Two held over India rail attacks

Two Indian Muslims, one of them a chemical engineer, have been arrested by police investigating the train bombings that killed more than 180 people in Mumbai this month.

Six people are being held by police investigating the attacks

The latest arrests take the number of people in police custody to six in an investigation that has straddled several Indian states as well as neighbouring Nepal and Bangladesh.

Police have raided slums and Muslim quarters across India, and questioned hundreds of people, mostly Muslims, but most have been allowed to go.

KP Raghuvanshi, chief of Mumbai Police’s anti-terrorism squad, said: “Two men were arrested yesterday [Tuesday] night for their role in the blast incidents.”

Police suspect that the men gave logistical support to the bombers.

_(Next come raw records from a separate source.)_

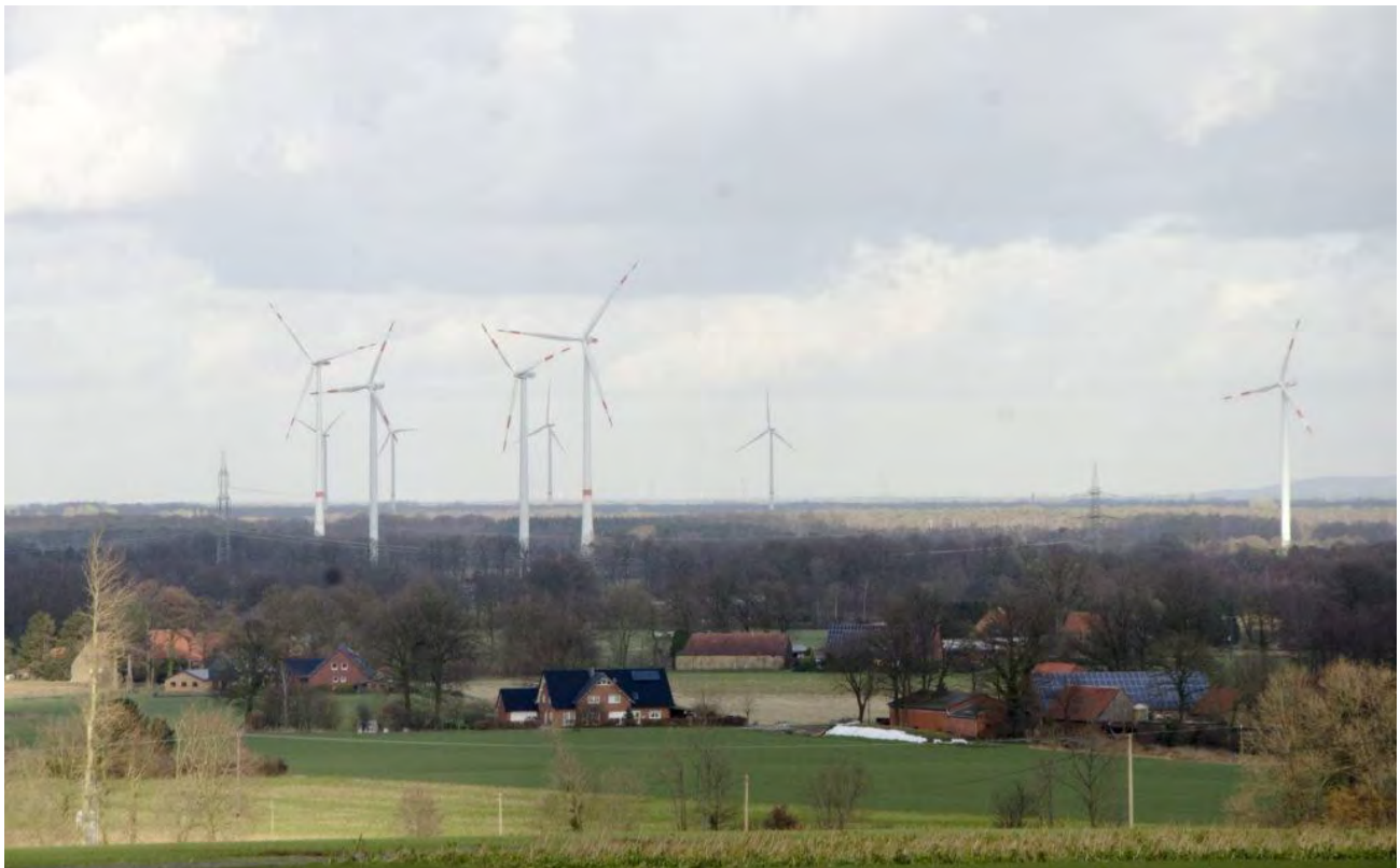
Рис. 4. Традиційний для сучасної Німеччини пейзаж.
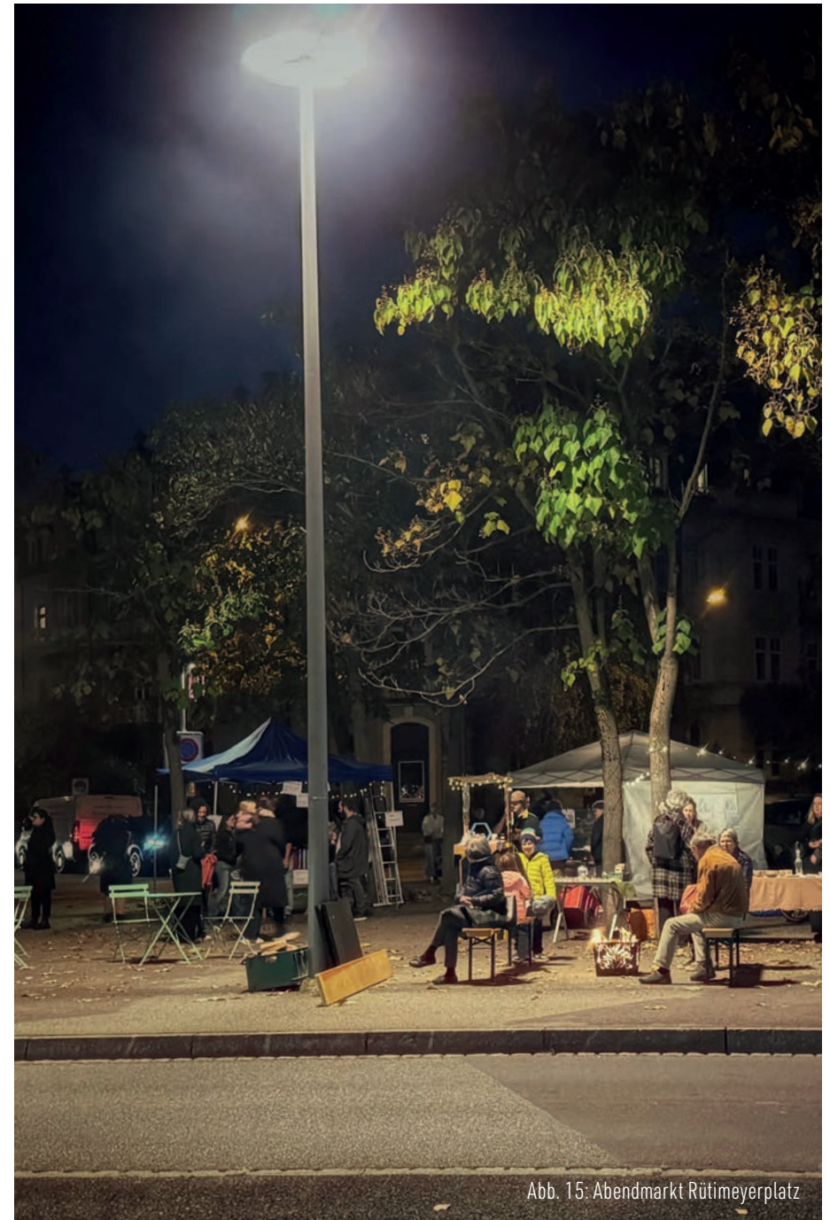
Abb. 15: Abendmarkt Rütimyerplatz

Einige Haltestellen in Basel-West haben jedoch eine besondere Bedeutung – sie bilden zentrale Drehpunkte im Quartier. Aus einem erweiterten Raumverständnis heraus, das öffentliche Räume, Wegbeziehungen, Nutzungen und Grünverbindungen mitdenkt, ergibt sich Potential für eine integrative Neugestaltung dieser Orte.
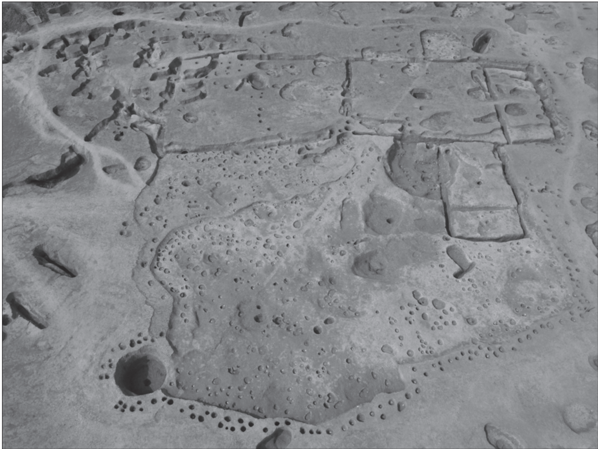
Sl. 2. Beketinci, Bentež, velika nadzemna kuća 4 s manjom nadzemnom kućom 5 i velikim dvorištem (zemunicom) s bunarom u naselju lasinjske kulture

They are to appear in court in Mumbai on Wednesday. The charges against them were not immediately known.

Tanvir Ansari, a doctor of traditional Indian medicine, was arrested in connection with the case this week. Police said he had gone to Pakistan in 2004 to train in the use of weapons and bomb-making.

Investigators say Lashkar-e-Taiba, an Islamist militant group based in Pakistan, and a Pakistani military spy agency may have planned the attacks.

Islamabad has said such allegations are unsubstantiated and offered New Delhi help in the investigations, which India has turned down.